UW MFA Creative Writing Program Welcomes Eminent Writer in Residence Ed Roberson

September 2, 2011
Ed Roberson

Poet Ed Roberson is the second 2011-2012 Eminent Writer in Residence in the University of Wyoming MFA Program in Creative Writing. He comes to campus Sept. 10.

A reception for Roberson, the Distinguished Artist in Residence at Northwestern University, is at 5 p.m. Monday, Sept. 19, in the UW Art Museum. He will read from his works at 5:30 p.m. and sign books afterward. The event is free and open to the public. Roberson also will give a reading in Jackson, sponsored by the Teton County Public Library, Friday, Sept. 16.

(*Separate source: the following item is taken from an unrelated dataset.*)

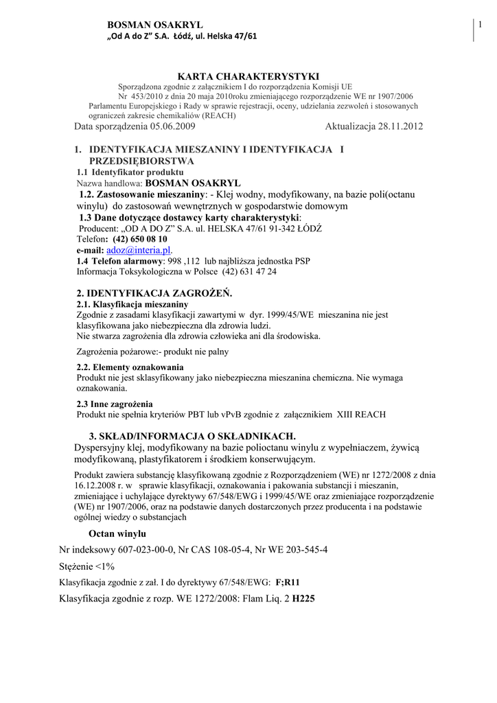 1 BOSMAN OSAKRYL „Od A do Z” S.A. Łódź, ul. Helska 47/61 KARTA CHARAKTERYSTYKI Sporządzona zgodnie z załącznikiem I do rozporządzenia Komisji UE Nr 453/2010 z dnia 20 maja 2010roku zmieniającego rozporządzenie WE nr 1907/2006 Parlamentu Europejskiego i Rady w sprawie rejestracji, oceny, udzielania zezwoleń i stosowanych ograniczeń zakresie chemikaliów (REACH) Data sporządzenia 05.06.2009 Aktualizacja 28.11.2012 1. IDENTYFIKACJA MIESZANINY I IDENTYFIKACJA I PRZEDSIĘBIORSTWA 1.1 Identyfikator produktu Nazwa handlowa: BOSMAN OSAKRYL 1.2. Zastosowanie mieszaniny: - Klej wodny, modyfikowany, na bazie poli(octanu winylu) do zastosowań wewnętrznych w gospodarstwie domowym 1.3 Dane dotyczące dostawcy karty charakterystyki: Producent: „OD A DO Z” S.A. ul. HELSKA 47/61 91-342 ŁÓDŹ Telefon: (42) 650 08 10 e-mail: [email protected]. 1.4 Telefon alarmowy: 998 ,112 lub najbliższa jednostka PSP Informacja Toksykologiczna w Polsce (42) 631 47 24 2. IDENTYFIKACJA ZAGROŻEŃ. 2.1. Klasyfikacja mieszaniny Zgodnie z zasadami klasyfikacji zawartymi w dyr. 1999/45/WE mieszanina nie jest klasyfikowana jako niebezpieczna dla zdrowia ludzi. Nie stwarza zagrożenia dla zdrowia człowieka ani dla środowiska. Zagrożenia pożarowe:- produkt nie palny 2.2. Elementy oznakowania Produkt nie jest sklasyfikowany jako niebezpieczna mieszanina chemiczna. Nie wymaga oznakowania. 2.3 Inne zagrożenia Produkt nie spełnia kryteriów PBT lub vPvB zgodnie z załącznikiem XIII REACH 3. SKŁAD/INFORMACJA O SKŁADNIKACH. Dyspersyjny klej, modyfikowany na bazie polioctanu winylu z wypełniaczem, żywicą modyfikowaną, plastyfikatorem i środkiem konserwującym. Produkt zawiera substancję klasyfikowaną zgodnie z Rozporządzeniem (WE) nr 1272/2008 z dnia 16.12.2008 r. w sprawie klasyfikacji, oznakowania i pakowania substancji i mieszanin, zmieniające i uchylające dyrektywy 67/548/EWG i 1999/45/WE oraz zmieniające rozporządzenie (WE) nr 1907/2006, oraz na podstawie danych dostarczonych przez producenta i na podstawie ogólnej wiedzy o substancjach Octan winylu Nr indeksowy 607-023-00-0, Nr CAS 108-05-4, Nr WE 203-545-4 Stężenie <1% Klasyfikacja zgodnie z zał. I do dyrektywy 67/548/EWG: F;R11 Klasyfikacja zgodnie z rozp. WE 1272/2008: Flam Liq. 2 H225 BOSMAN OSAKRYL „Od A do Z” S.A. Łódź, ul. Helska 47/61 uwaga 4. ŚRODKI PIERWSZEJ POMOCY Zatrucie inhalacyjne W normalnych warunkach produkt nie stanowi zagrożenia. W przypadku złego samopoczucia wyprowadzić osobę poszkodowaną na świeże powietrze, zapewnić spokój, ewentualnie wezwać pomoc medyczną. Skażenie oczu Usunąć szkła kontaktowe, przemyć oczy dużą ilością wody przez ok. 15 minut. Podczas płukania trzymać powieki szeroko otwarte i poruszać gałką oczną (unikać silnego strumienia wody ze względu na ryzyko uszkodzenia rogówki) Zwrócić się o pomoc do lekarza okulisty. Skażenie skóry Zdjąć zanieczyszczoną odzież, skażoną skórę zmyć dokładnie dużą ilością wody, najlepiej bieżącej(nie gorącej). W przypadku utrzymywania się podrażnienia, posmarować skórę kremem i skonsultować się z lekarzem. Spożycie W przypadku połknięcia natychmiast zapewnić pomoc lekarską 5. POSTĘPOWANIE W PRZYPADKU POŻARU Produkt jest nie palną dyspersją wodną. Środki gaśnicze właściwe dla palącego się w otoczeniu materiału. 5.1 Środki gaśnicze : dwutlenek węgla, (gaśnica śniegowa), proszek gaśniczy, prądy wodne rozproszone, piana gaśnicza odporna na działanie alkoholu nie stosować zwartych strumieni wodnych. proszki gaśnicze, piany, rozproszone prądy wodne Nieodpowiednie środki gaśnicze nie stosować zwartych strumieni wody . 5.2 Szczególne zagrożenia związane z substancją lub mieszaniną Zalecenia ogólne: Zawiadomić otoczenie o pożarze. Usunąć z obszaru zagrożenia wszystkie osoby postronne. W razie potrzeby wezwać Straż Pożarną i Policję. Zbiorniki narażone na działanie ognia lub wysokiej temperatury chłodzić wodą z bezpiecznej odległości, a jeżeli to możliwe usunąć je z obszaru zagrożenia. Podczas spalania preparatu powstają dymy zawierające niebezpieczne dla zdrowia substancje chemiczne, m.in. tlenki węgla. 5.3 Informacje dla straży pożarnej -odzież ochronna gazoszczelna, aparat izolujący drogi oddechowe 6. POSTĘPOWANIE W PRZYPADKU NIEZAMIERZONEGO UWOLNIENIA DO ŚRODOWISKA Zalecenia ogólne: Zawiadomić otoczenie o awarii, usunąć z obszaru zagrożenia wszystkie osoby nie biorące udziału w likwidowaniu awarii – w razie potrzeby wezwać ekipy ratownicze – Straż Pożarną i Policję. 6.1 Indywidualne środki ostrożności, wyposażenie ochronne: Ubrania robocze ze zwartej tkaniny, rękawice z tworzywa odpornego na działanie węglowodorów, buty z tworzywa nitrylowego, okulary ochronne w szczelnej obudowie. 6.2 Środki ostrożności w zakresie ochrony środowiska: 2 BOSMAN OSAKRYL „Od A do Z” S.A. Łódź, ul. Helska 47/61 Nie dopuścić do przedostania się do kanalizacji i cieków wodnych. Zabezpieczyć studzienki ściekowe. Nie dopuszczać do zanieczyszczenia wód powierzchniowych i gruntowych lub niżej położonych terenów, jeśli to możliwe, zlikwidować wyciek (np. zamknąć wypływ produktu, uszczelnić uszkodzone opakowanie)Zabezpieczyć studzienki ściekowe. W przypadku skażenia wód powiadomić odpowiednie władze. 6.3 Metody i materiały zapobiegające rozprzestrzenianiu się skażenia: Zabezpieczyć uszkodzone opakowania, zebraną przy pomocy piasku, trocin, ziemi okrzemkowej ze środowiska ciecz umieścić w opakowaniu zastępczym i skierować do zniszczenia. 7. POSTĘPOWANIE Z MIESZANINAMI ORAZ ICH MAGAZYNOWANIE 7.1 Środki ostrożności dotyczące bezpiecznego postępowania Chronić oczy, skórę i odzież przed kontaktem z produktem. Nie wdychać oparów. Nie jeść, nie pić podczas stosowania preparatu. Nosić odpowiednią odzież ochronną. Pracować w dobrze wentylowanych pomieszczeniach. Przestrzegać podstawowy

During his two-week UW residency, Roberson will visit university classes, consult on manuscripts with graduate creative writing students and discuss writing careers with a wide range of campus members. Roberson's residency will be followed in February by nonfiction writer John D'Agata. Previous Eminent Writers in Residence include Edward P. Jones, Claudia Rankine, Joy Williams and others.

Roberson received the Lila Wallace Writers' Award and the 2008 Shelley Memorial Award from the Poetry Society of America. He also is the acclaimed author of eight books of poetry, including "Voices Cast Out to Talk Us In" (1995), winner of the Iowa Poetry Prize, and "To See the Earth Before the End of the World," Roberson's most recent collection that was published last fall. His poetry also has been anthologized in "The Best American Poetry 2004" and "Primary Trouble: an Anthology of Contemporary American Poetry" (1996).

Roberson has worked throughout the world, including Alaska, Afognak Island, Bermuda, the Peruvian and Ecuadorian Andes, Mexico, Nigeria, West Africa, the Caribbean and the Amazon jungle. Such travels inspire poems that, according to Reginald Gibbons, encompass "startling and just metaphors" and "acrobatic leaps and counter-leaps of thought."

"Ed Roberson is in a school of precisely one. His work is utterly unique, challenging, deeply serious and richly musical," says UW Associate Professor Kate Northrop. "As is the case when one encounters excellent work, I find myself unsure how to respond, how to go about my daily life, after reading his poems. I'm stunned by them."